(PROBLEM REQUIREMENTS):
Below are several records. Retype exactly those lines running from the one with "Çift Cep Detaylı Fermuarlı Erkek Mont Siyah" through the one with "Sexy lady with", end lines included, and no others.

(DATASET):
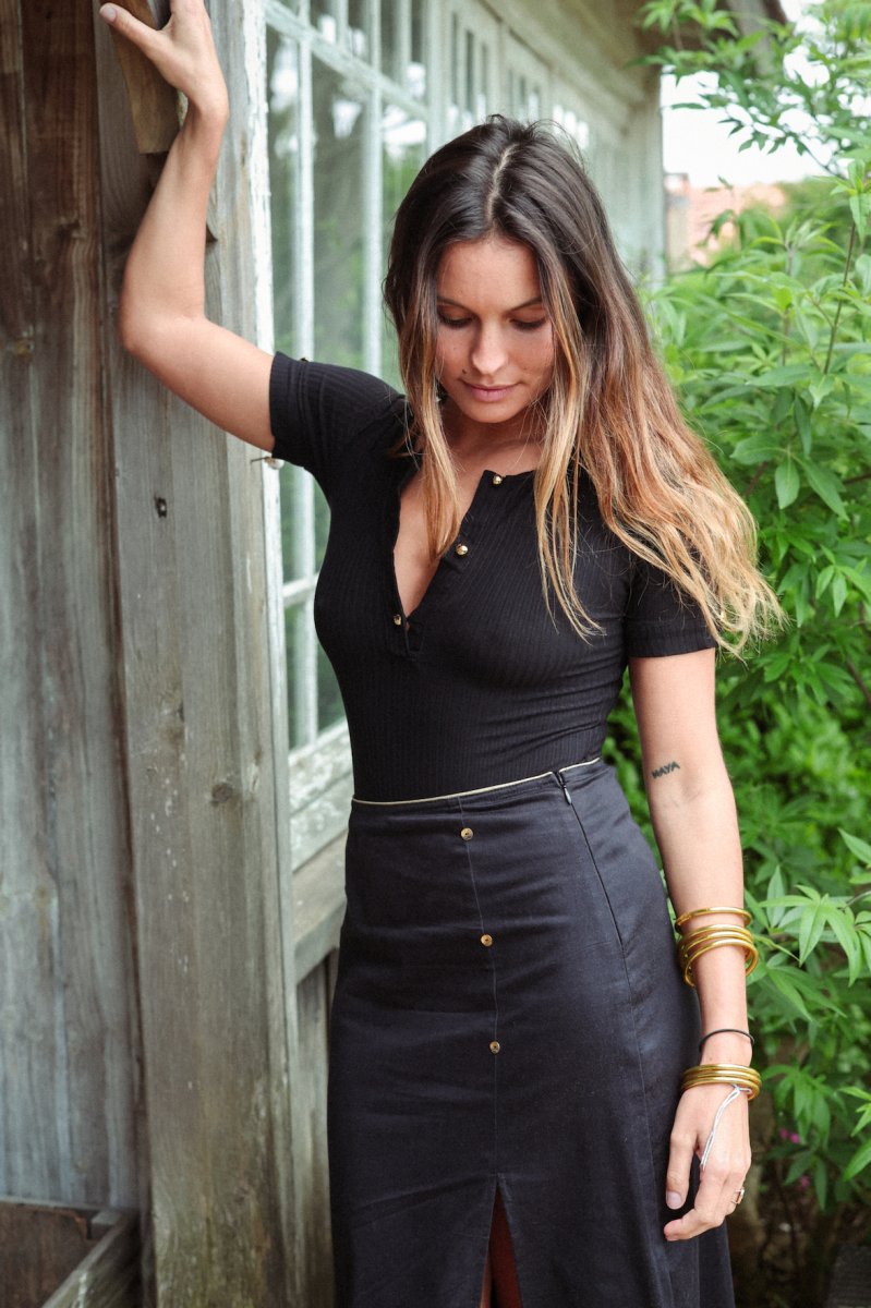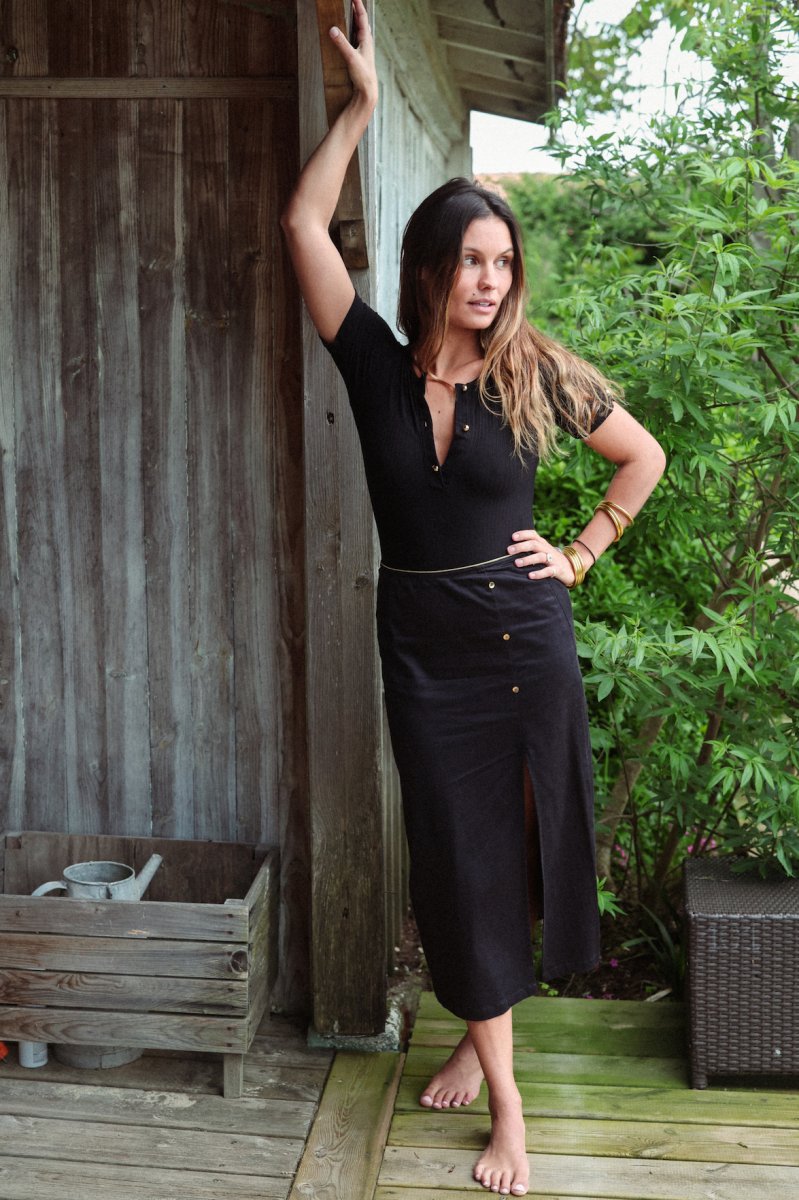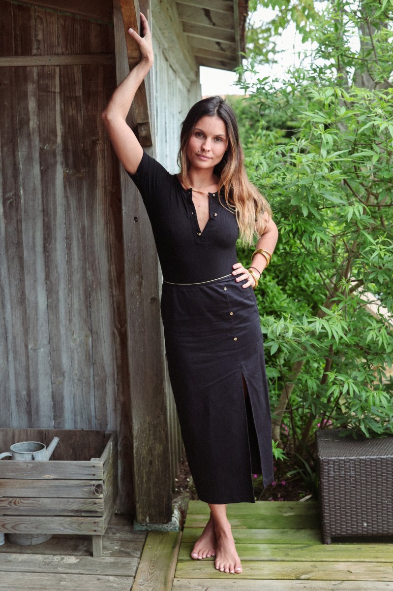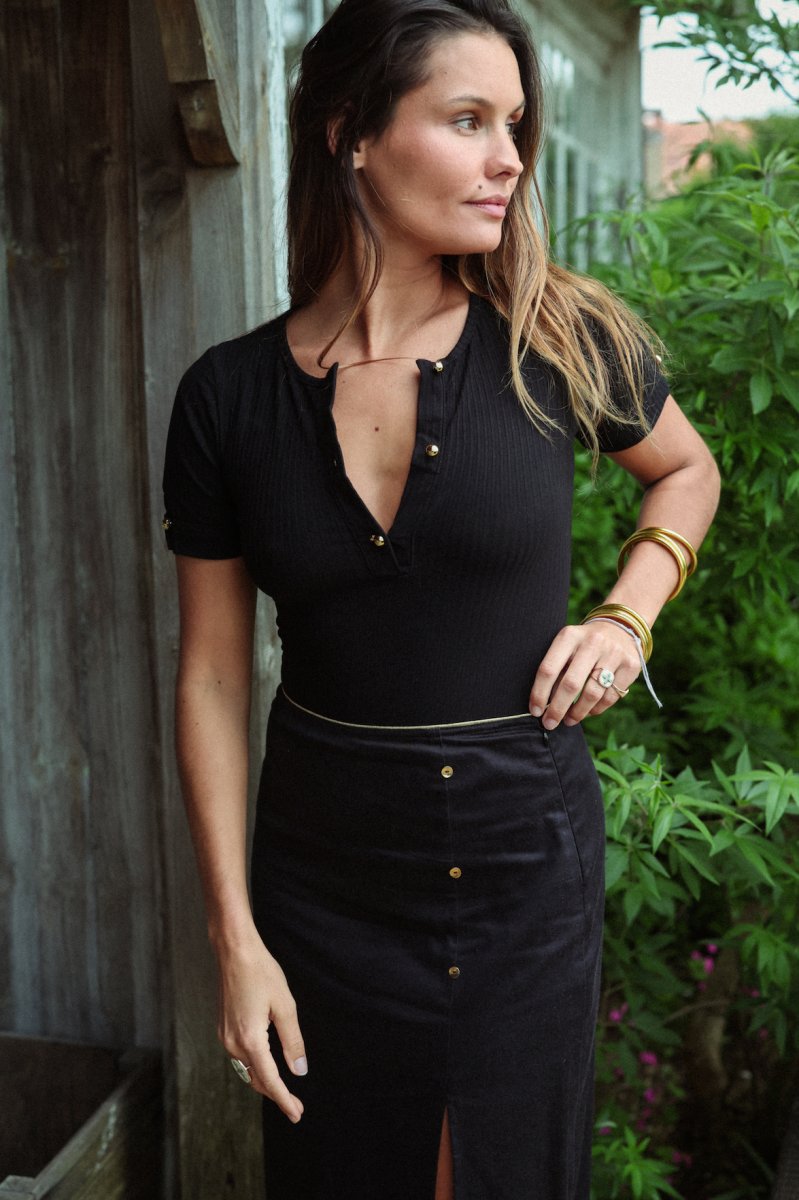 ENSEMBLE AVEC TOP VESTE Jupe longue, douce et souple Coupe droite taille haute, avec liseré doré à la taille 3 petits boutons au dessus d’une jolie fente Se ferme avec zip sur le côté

---

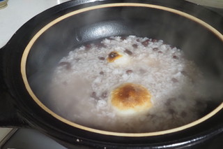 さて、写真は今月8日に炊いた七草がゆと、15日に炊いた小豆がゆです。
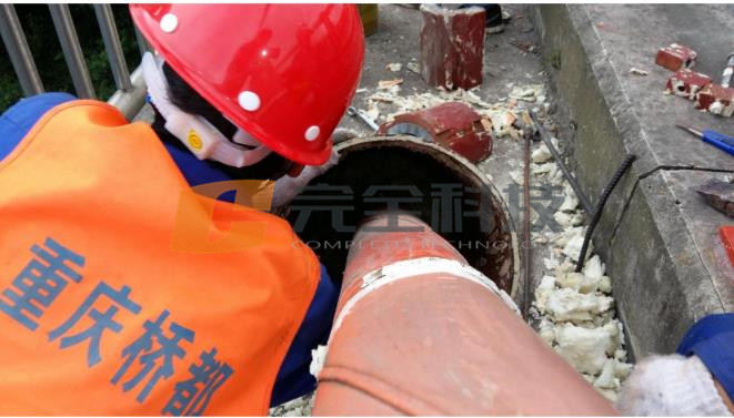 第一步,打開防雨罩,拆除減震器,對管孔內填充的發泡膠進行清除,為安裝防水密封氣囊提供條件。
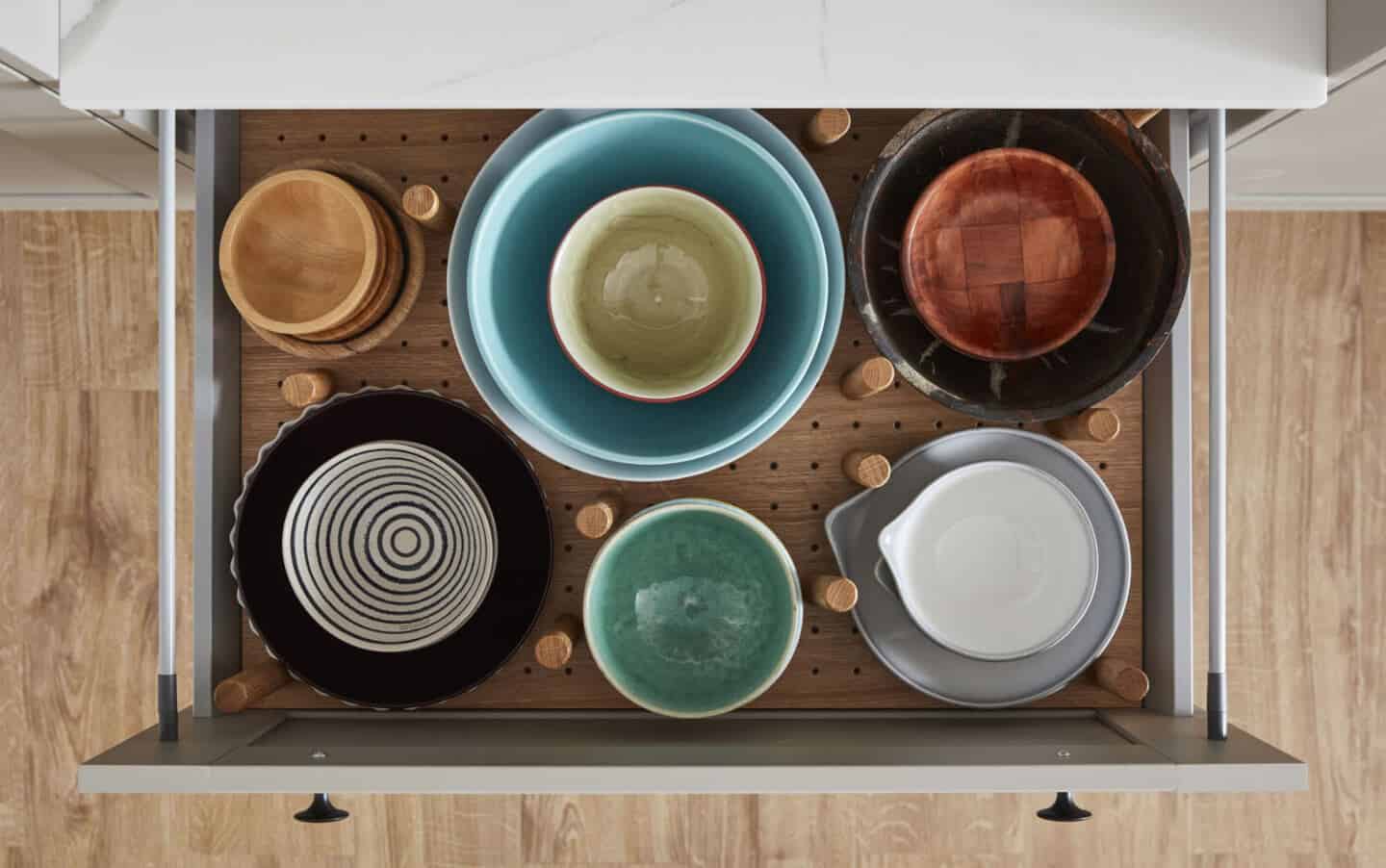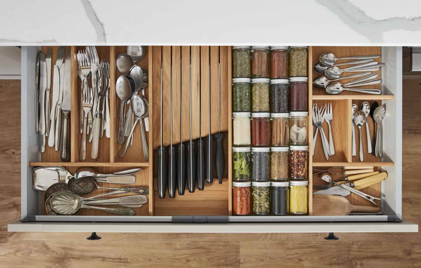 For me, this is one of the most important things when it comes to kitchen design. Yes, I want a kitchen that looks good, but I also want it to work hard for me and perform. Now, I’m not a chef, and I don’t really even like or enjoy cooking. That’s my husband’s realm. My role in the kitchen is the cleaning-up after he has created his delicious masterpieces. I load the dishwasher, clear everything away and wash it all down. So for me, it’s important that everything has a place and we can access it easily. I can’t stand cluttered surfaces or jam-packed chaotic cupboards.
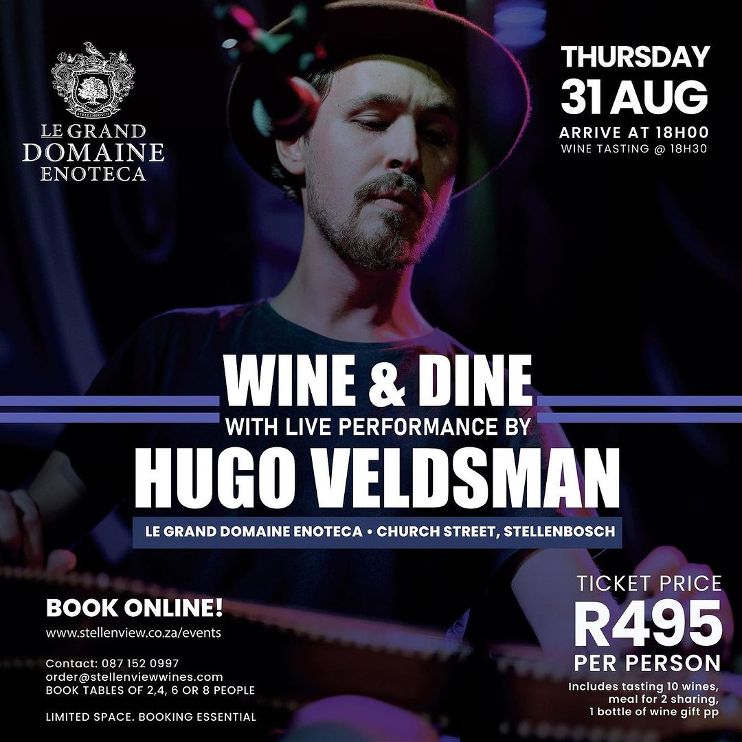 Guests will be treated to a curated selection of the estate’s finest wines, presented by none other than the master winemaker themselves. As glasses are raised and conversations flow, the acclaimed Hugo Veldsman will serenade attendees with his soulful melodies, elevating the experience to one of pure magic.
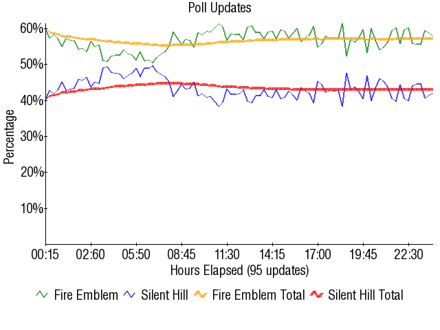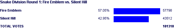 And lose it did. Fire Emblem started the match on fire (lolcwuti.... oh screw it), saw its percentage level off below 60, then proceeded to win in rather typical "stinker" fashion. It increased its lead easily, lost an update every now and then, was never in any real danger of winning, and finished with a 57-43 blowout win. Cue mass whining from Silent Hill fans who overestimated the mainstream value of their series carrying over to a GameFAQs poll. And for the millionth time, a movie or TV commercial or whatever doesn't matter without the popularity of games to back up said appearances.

---

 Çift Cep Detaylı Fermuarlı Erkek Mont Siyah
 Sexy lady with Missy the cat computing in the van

(FINISHED TASK):
 Çift Cep Detaylı Fermuarlı Erkek Mont Siyah
 Sexy lady with Missy the cat computing in the van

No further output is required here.